Wenn mich der Lachflash trifft

26.10.2016, 11:36 Uhr
Narkoleptiker haben mit vielen Vorurteilen zu kämpfen. In der Schule zwischendurch ein Schläfchen zu halten, ist für sie kein Spaß, sondern bittere Notwendigkeit.

© Bild: Paulina Rebbe Narkoleptiker haben mit vielen Vorurteilen zu kämpfen. In der Schule zwischendurch ein Schläfchen zu halten, ist für sie kein Spaß, sondern bittere Notwendigkeit.

„Irinaaa, aufwachen!“ Nein, es ist nicht früh morgens, sondern mitten am Nachmittag. Und nein, ich gönne mir auch keinen kleinen Mittagsschlaf. Ich bin in der S-Bahn auf dem Nachhauseweg eingeschlafen und hätte meine Station verpasst, wäre meine hilfsbereite Freundin nicht gewesen. Mal wieder.

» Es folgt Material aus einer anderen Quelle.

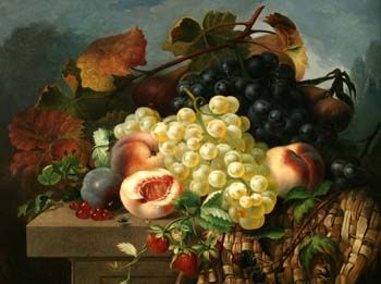 Still Life Study of Grapes, Peaches and Strawberries on a Ledge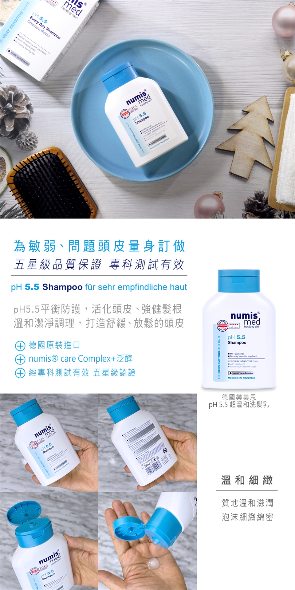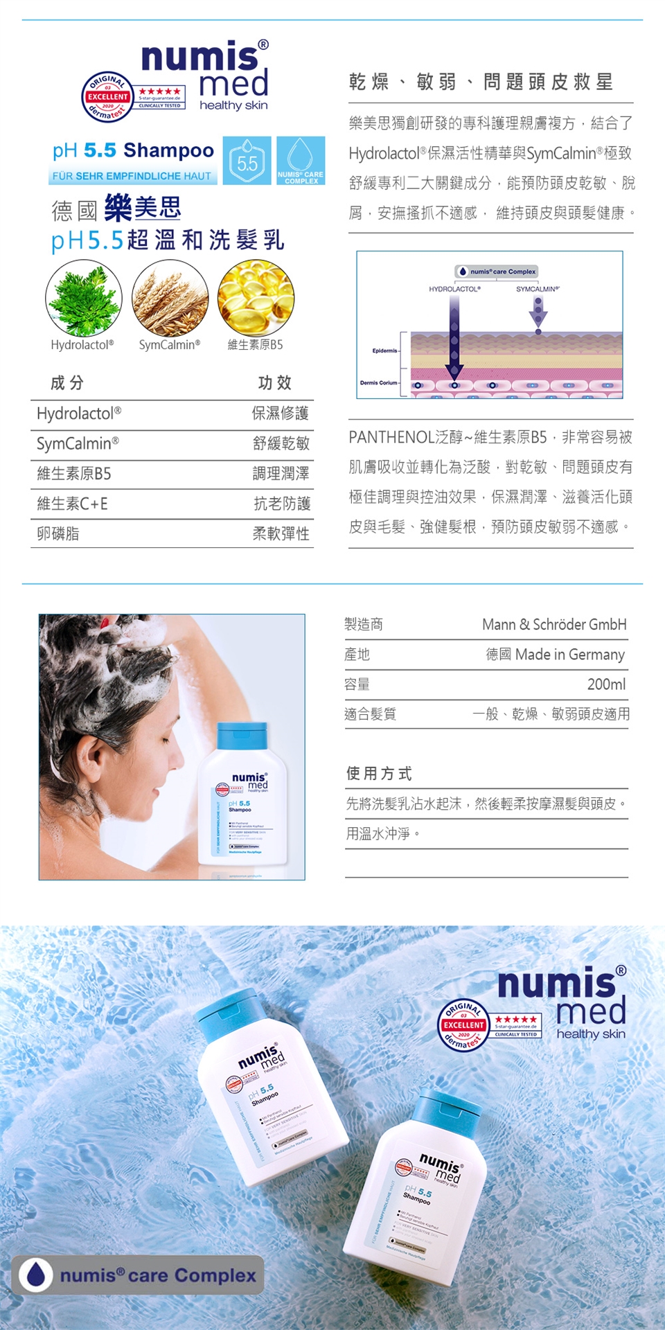 溫和清潔調理敏弱頭皮,打造舒緩、放鬆的頭皮。含樂美思獨創專科護理複方(numis® care Complex)、泛醇與活性精華成分,有效平衡pH質、活絡頭皮,安撫頭皮乾敏不適,適合天天使用。
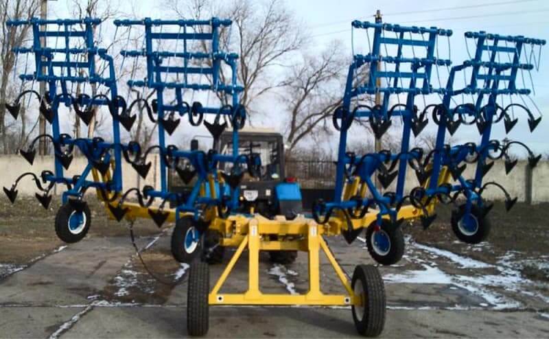 Имея разный захват, у наших культиваторов есть общее: секция шириной захвата 1,5 м. с тремя рядами S-образных стоек с подпружинниками,перекрытие лап в 80 мм.трехрядные боронки с пружинным зубом,каждая секция регулируется своим колесом. Секция с пантографным механизмом имеет возможность идеально копировать рельеф почвы (добиваясь требуемых 5-7 см на всей поверхности поля), рабочая скорость культиватора от 8 км на первой культивации до 16 км/ч — на парах. Пружинные S-образные стойки с подпружиником и лапой 260 мм работают по принципу перфоратора (вырезая и вырывая с корнем все без пропусков, что даёт экономию топлива от 30 до 50% по сравнению работы агрегатов с другими культиваторами).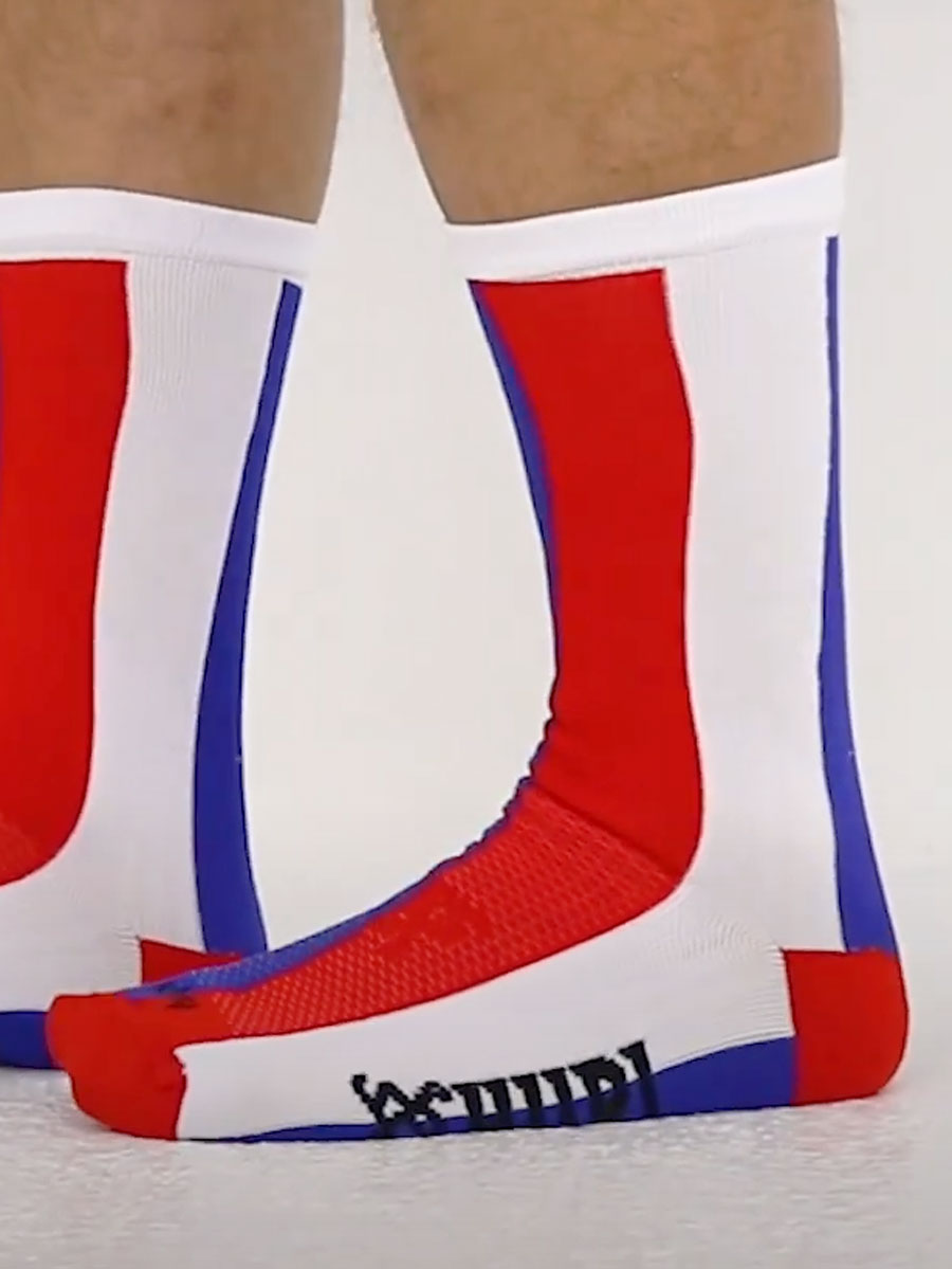 Com 3% de elastano em sua composição, a Meia Hupi Alagoas, conta com modelagem anatômica sem que a malha ceda e fique folgada mesmo dentro das sapatilhas de ciclismo e/ou tênis.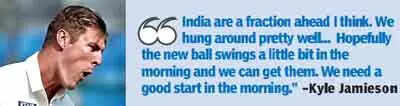 Yet, Southee and Jamieson had the Indians in a bind with conventional seam bowling to start with before resorting to reverse swing. Jamieson got Agarwal caught behind with the new ball and came back with the semi-new ball to knock over a set Gill.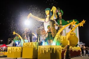 Abrindo a noite, o Grêmio Recreativo Escola de Samba Leões do Barão Açu apresentou o enredo “O Mundo Mágico dos Sonhos”, convidando o público a mergulhar em uma narrativa lúdica sobre magia e imaginação.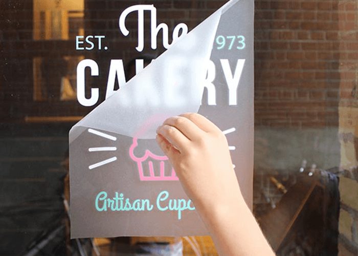 decorazione e applicazione di vetrofanie, loghi e scritte.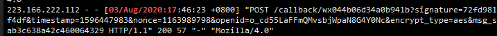 这个url和第三方配置的url信息不一致,不是通过第三方配置的,应该是小程序的url配置,请检查小程序的接收url配置
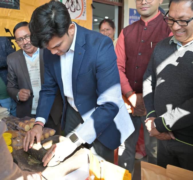माल्टा महोत्सव में पहाड़ी नमक पीसते जिलाधिकारी प्रतीक जैन - संवाद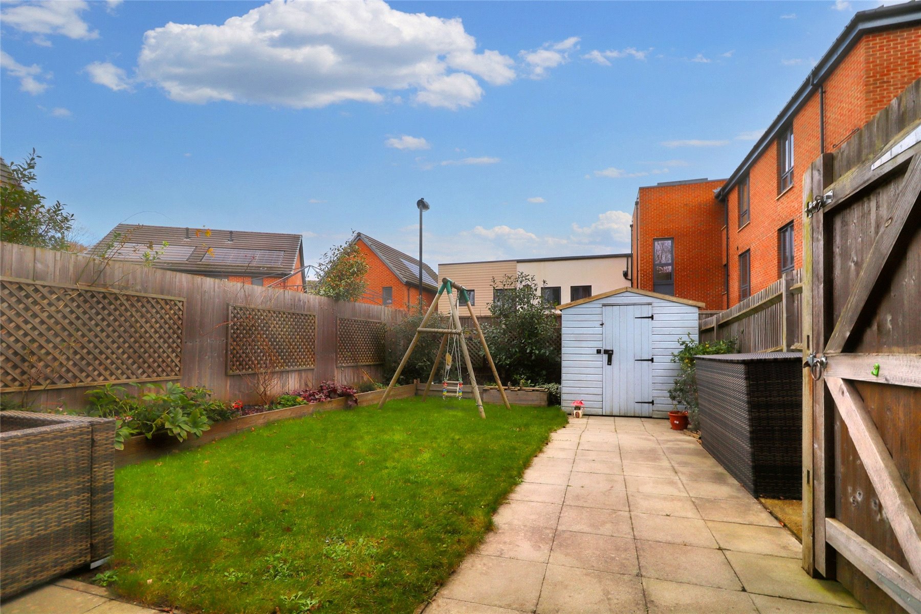 An enclosed garden is mainly laid to lawn with boxed flower beds, large patio area and timber storage shed. To the front there is parking for two cars.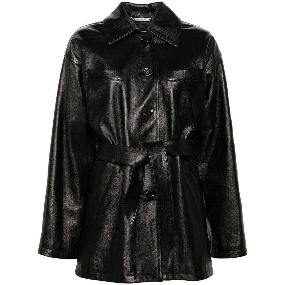 Black lambskin smooth grain front button fastening spread collar drop shoulder long sleeves belt loops detachable waist belt three front welt pockets quilted lining straight hem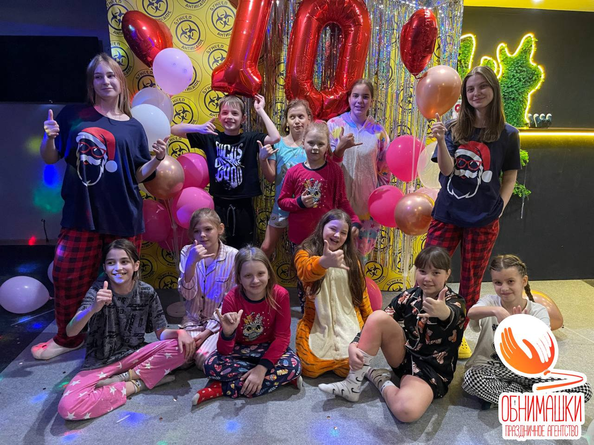 Забудьте об обыденности! Наша пижамная вечеринка — нечто большее, чем просто сбор друзей. Это тщательно продуманное приключение, где уют встречается с азартом, а мечты переплетаются с реальностью. Мы разрушаем стереотипы, предлагая программу, которая одинаково увлекательна как для девочек, так и для мальчиков. Ведь магия дружбы и веселья не знает границ! Наша философия: в «Обнимашках» мы знаем, что самые ценные воспоминания рождаются из искренних эмоций. Поэтому мы создаем атмосферу, где каждый ребенок чувствует себя свободно, может быть самим собой и делиться радостью с окружающими. Мы не просто проводим конкурсы; мы творим истории, которые останутся в сердцах надолго. Дресс-код Основа нашей пижамной феерии — это, конечно же, дресс-код! Мы призываем всех гостей проявить свою фантазию и облачиться в самые креативные и удобные пижамы. Это не просто одежда, это часть волшебного образа, который помогает погрузиться в атмосферу праздника: • Классика с изюминкой: Элегантные шелковые компле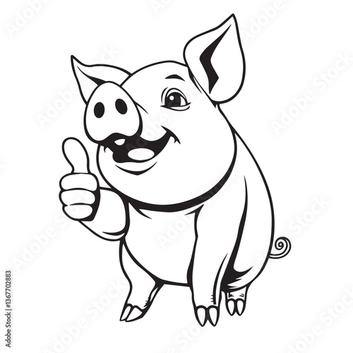 Continuous one black line art drawing a pig giving a thumbs up design vector.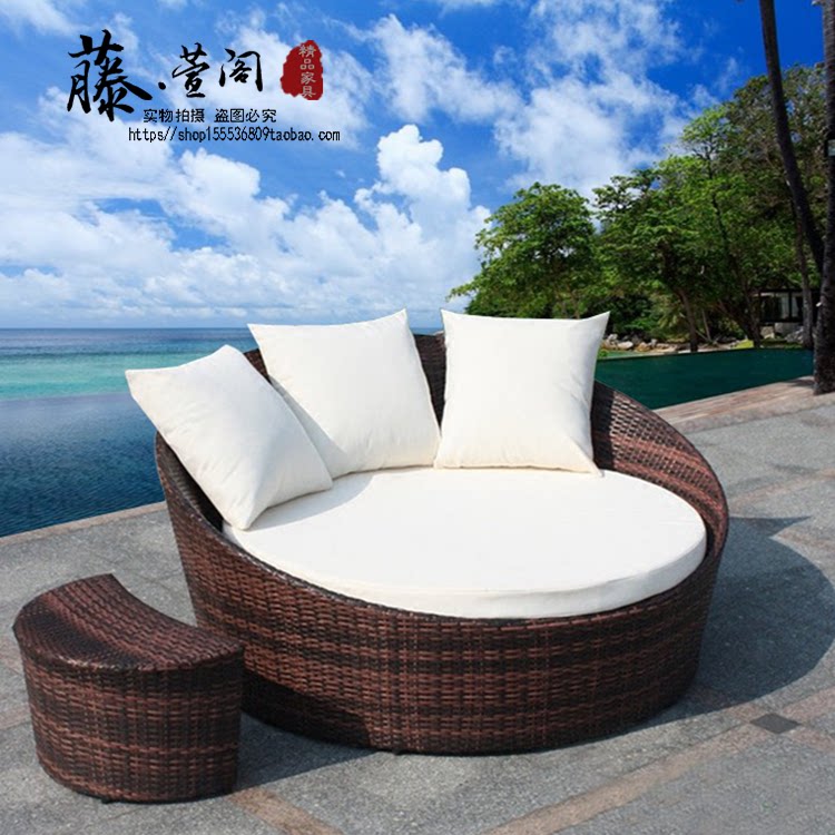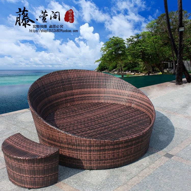 Rattan round bed Villa courtyard beach pool garden balcony lunch break imitation vine sun reclining bed Outdoor rattan reclining bed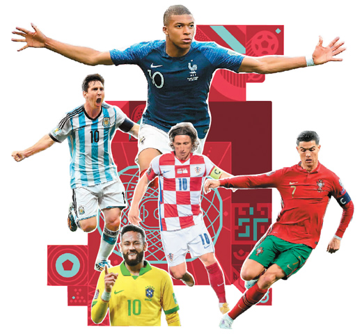 胸前“掛星”的傳統強隊自然是奪冠熱門。衞冕冠軍法國隊坐擁“金球先生”本澤馬和“第一身價”姆巴佩,陣容之豪華令人羨慕。但中場核心坎特和博格巴的缺席,不免讓“高盧雄雞”的衞冕之路荊棘叢生。巴西隊被各界視作頭號熱門,在球隊核心內馬爾與超級新星維尼修斯的帶領下,球隊無論是年齡結構還是陣容實力都正值黃金時期。只要避免“大熱必死”的魔咒和壓力,五星巴西就有能力走得更遠。

Dass ich tagsüber oft extrem müde bin, ist für mich Alltag. Und zwar nicht, weil ich bis spät in die Nacht gefeiert oder gepaukt habe. Aber das checken die wenigsten Leute: Ich habe Narkolepsie, eine seltene Schlafkrankheit. Doch das war nicht immer so.

Der Ausbruch

Rückblende: Ein strahlender Maitag vor vier Jahren. Es ist Mittagspause in der Schule, und ich bin mit meinen Freundinnen bei unserem Lieblingsimbiss. „Mensch, was war denn los in Deutsch? Dir sind ja fast die Augen zugefallen, dabei war’s doch total spannend diesmal!“ Ich zucke mit den Schultern: „Weiß auch nicht“, entgegne ich der Freundin.

Ich bin schon seit voriger Woche viel müder als sonst und das ohne ersichtlichen Grund. Aber es ist auch recht stressig zur Zeit, mit den ganzen Schulaufgaben. Also mache ich mir keine weiteren Gedanken.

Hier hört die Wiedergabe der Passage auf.